Students endlessly teach and inform, sometimes indirectly but no less effectively.  My own awakening to the idea of acceptance came from a student who told me that I was "the most patient person" she had ever met.  All of a sudden (a wonderful phrase when we take a moment to fully hear it), I felt the power of a critical moment, a moment wherein I experienced an instant conception of what my patience meaning perspective as a teacher and as a person meant.  Before I responded, I made sure to thank her for telling me something she thought a very positive recognition.  Then I told her that I felt there was something about the idea of patience that caused me some discomfort.  We talked about it for while as I have done with other students ever since.  We examined what latent meaning perspectives lurked behind this seemingly benign expression.

 

Patience implies a very distinct disparity in power.  The patient party generally holds some power over the recipient or victim of patience, as with an adult over a child.  As a teacher, I wanted no such disparity.  It wasn't true.  I might serve as guide to unknown territory in whatever I taught, but students participated as equals in their journey.  It was their journey after all. I wanted to serve their need not my own.  Patience also makes an inherent demand by expressing its limits: "You are trying my patience," and "I am running out of patience."  It can also come as a kind of warning to the recipient, "I have shown a lot of patience with you."  As one student finally put it, "Patience is a threat."  Whenever we express patience, impatience and punishment hover nearby.  I wanted to feel unconditional positive regard and not the patronizing attitude that patience may represent.

 

 If we want to offer unconditional positive regard for ourselves and others, we also want to offer unconditional acceptance for who we or they are.  No matter the number of times we need to assist in the same way, answer the same question, or help in the same activity, we accept that need as genuine and always original because the person with whom we work genuinely needs as many iterations as necessary to fully enter into whatever we find at hand.  When we feel and show unconditional positive regard, we also feel and show acceptance.  Acceptance never limits itself.

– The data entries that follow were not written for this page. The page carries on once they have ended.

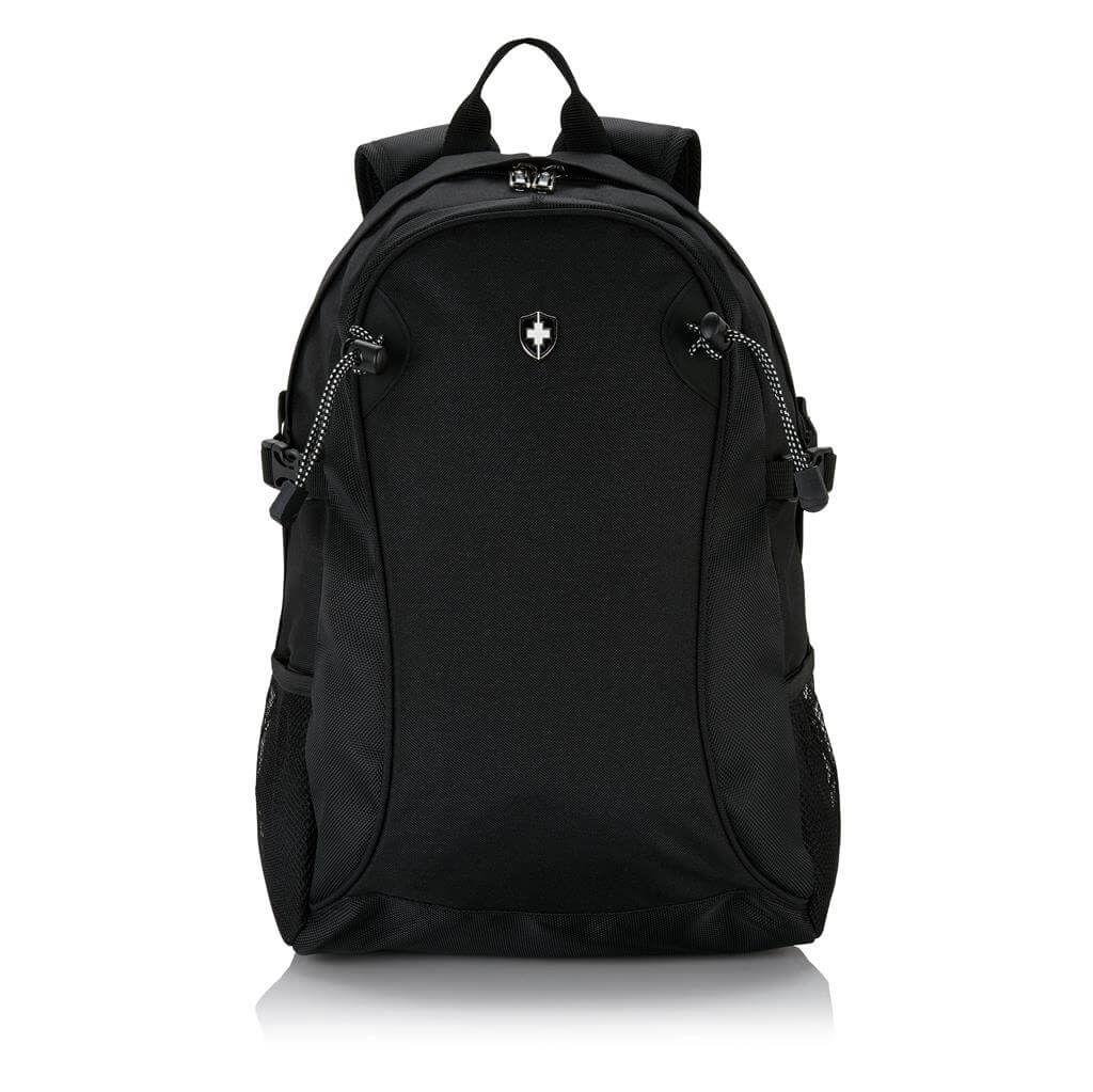 Outdoorový batoh z polyesteru 600D a 1680D s jedným veľkým hlavným oddielom. Pohodlná polstrovaná zadná časť. Bočné sieťované vrecká pre fľašu na vodu alebo ďalšie nevyhnutnosti. Bez PVC.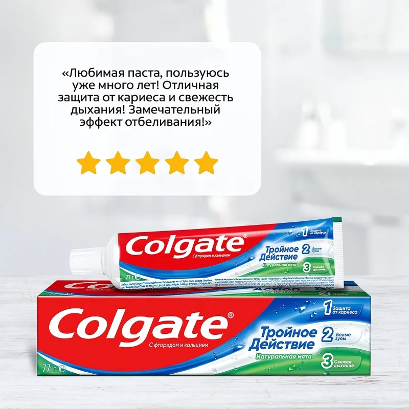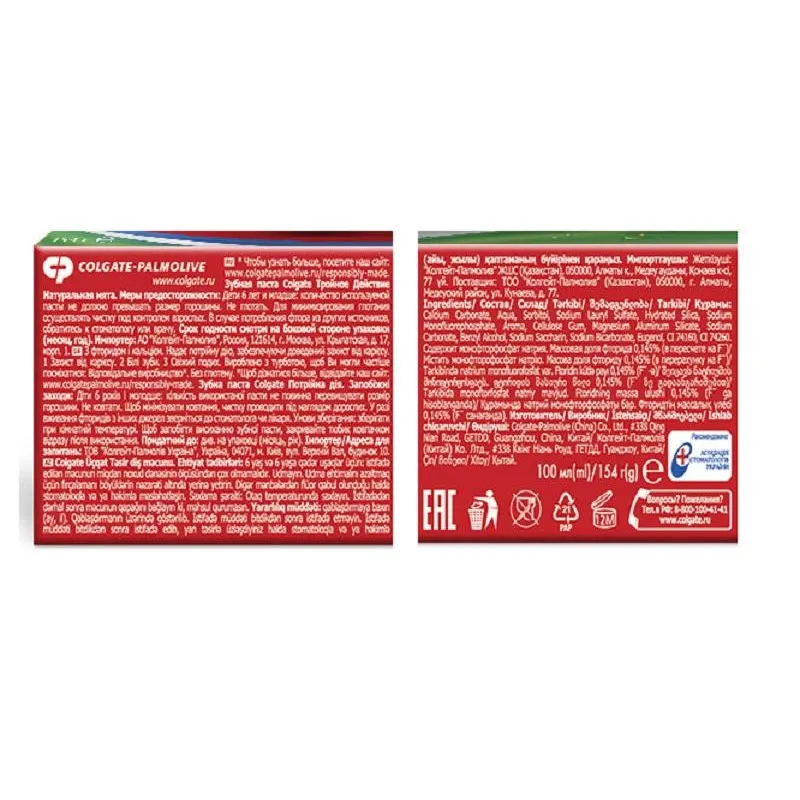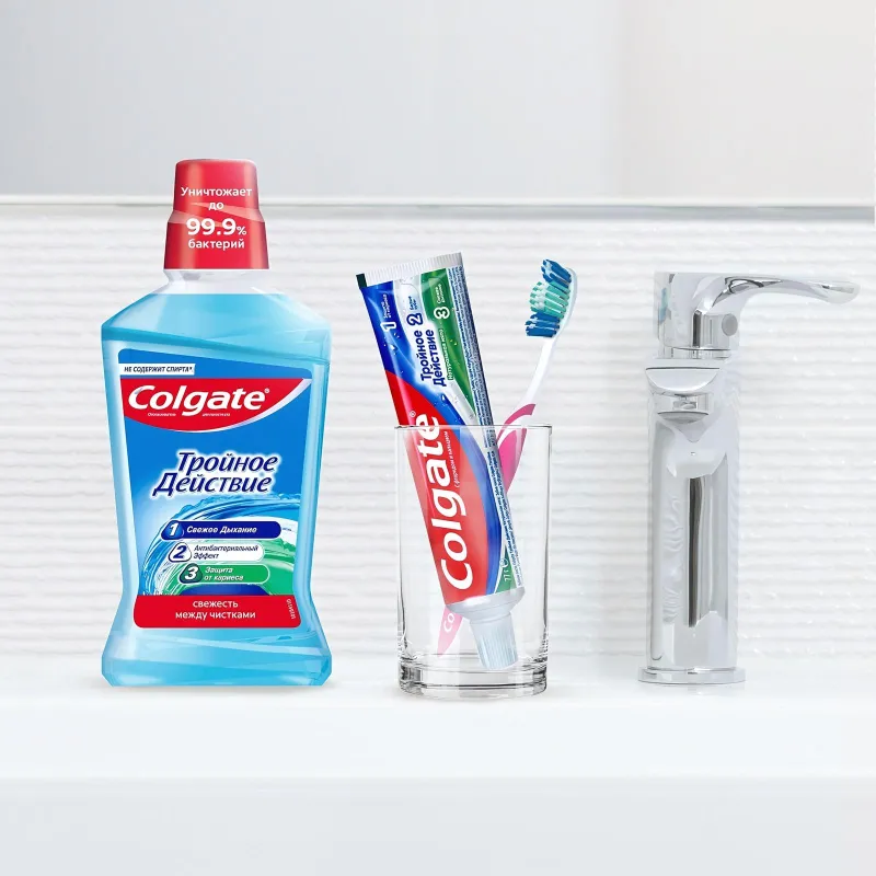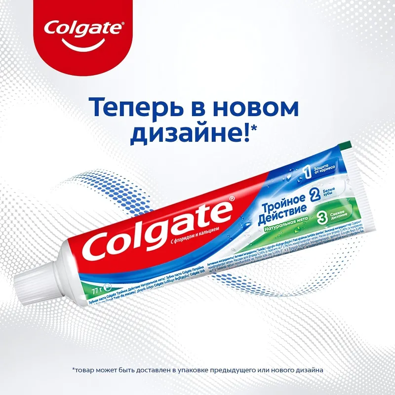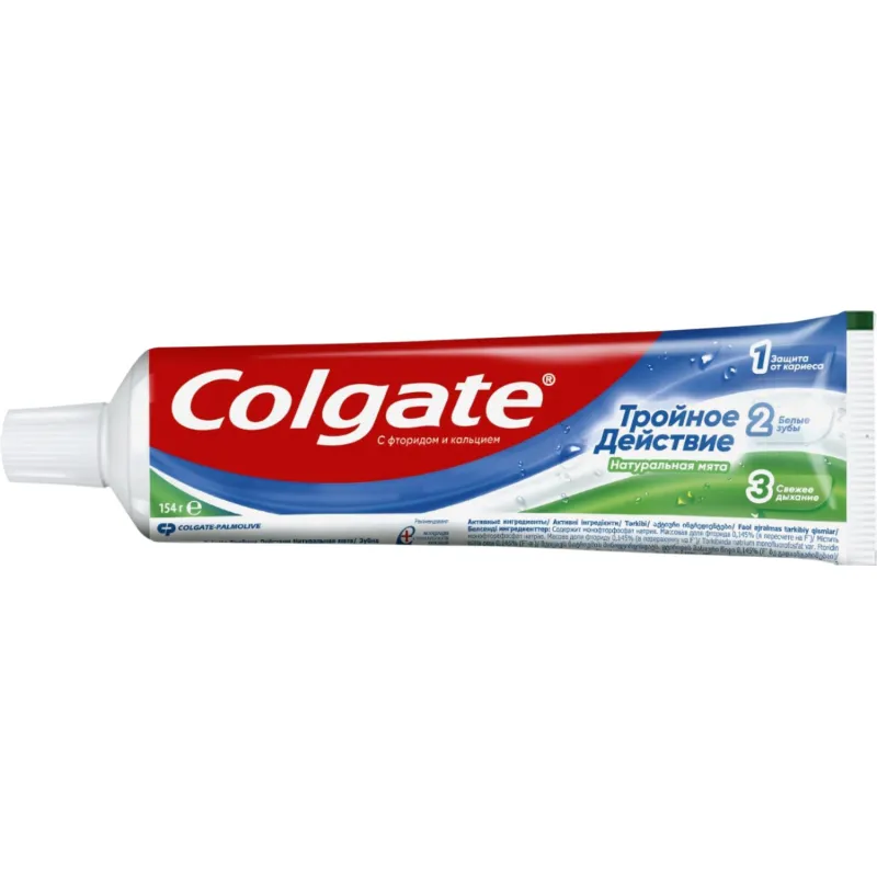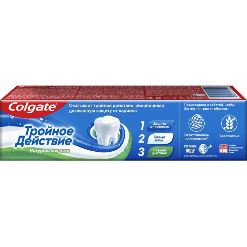 Зубная паста Colgate Тройное Действие обеспечивает максимальную защиту от кариеса. Эта трехцветная зубная паста оказывает тройное действие: помогает защищать зубы от кариеса, помогает удалять потемнения с поверхности зубов и освежает дыхание. Что немаловажно, Colgate Тройное Действие обладает приятным мятным вкусом! Одобрено Стоматологической Ассоциацией России. Детям до 6 лет рекомендуется использовать количество зубной пасты размером с горошину под присмотром взрослых. Не глотать. Небольшое количество пасты нанесите на зубную щетку. Чистите зубы в течение 2х минут, после чего ополосните рот водой. Улыбнитесь! Не забывайте чистить зубы дважды в день и менять зубную щетку каждые 3 месяца. Состав: Calcium Carbonate, Aqua, Sorbitol, Sodium Lauryl Sulfate, Hydrated Silica, Sodium Monofluorophosphate, Aroma, Cellulose Gum, Magnesium Aluminum Silicate, Sodium Carbonate, Benzyl Alcohol, Sodium Saccharin, Sodium Bicarbonate, Limonene, Eugenol, Cl 74260, Cl 74160.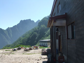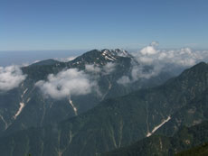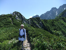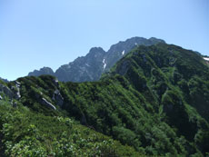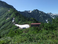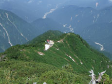 | 早月小屋が小さく見えます。 | 山頂への稜線です。 | 毛勝の山々です。 |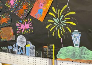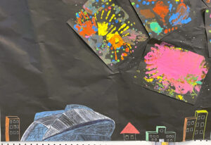 藤沢市を代表する建物の上に大きな花火が咲いています。「秋葉台体育館だ!」「あ、江の島!!」・・・子どもたちも知っている建物が描かれていました。

If we say, "I am running out of acceptance," we belie the very idea of acceptance.  Acceptance doesn't hold out an arbitrary standard for accomplishment: "You should do it this way." Acceptance joyfully opens to new ways of approaching an old task.  Acceptance happily finds new ways of teaching a task to suit the needs of the learner.   Acceptance gladly and authentically acknowledges all the accomplishments a learner achieves on the way to a goal even if the goal has not been reached.  Acceptance always assumes the essential good from which and for which we or another person strive.  Acceptance sees success in every effort that we make or another makes even when that effort does not work directly in achieving a specific goal.  Acceptance comes to us as a "Yes" to life and those who live it, in response to the "No," the negativity of the "tyranny of the shoulds."  

 

When we make acceptance our habit, we can rely on it as our guide to behavior.  Many times I have felt some way or acted some way toward myself or another that seemed a bit strained, so I reflected a moment and asked, "Is this acceptance?"  Whatever I answer, I just get back to acceptance, and all the tension disappears.  When I can experience a "Yes" as gently powerful as acceptance, I don't need to spend time and effort trying to stop an action I don't like.  The energy behind that action simply shifts to working with acceptance, and whatever the difficulty might have been doesn't exist or come into existence.  Acceptance can go a very long way to helping me bring my intentions fully into existence through the actions I choose based on my acceptance.  Mindfully habitual acceptance allows us to naturally realize the gentle power of unconditional positive regard, compassion, and forgiveness in the problem solving process of becoming the self and in the existential search for that becoming self.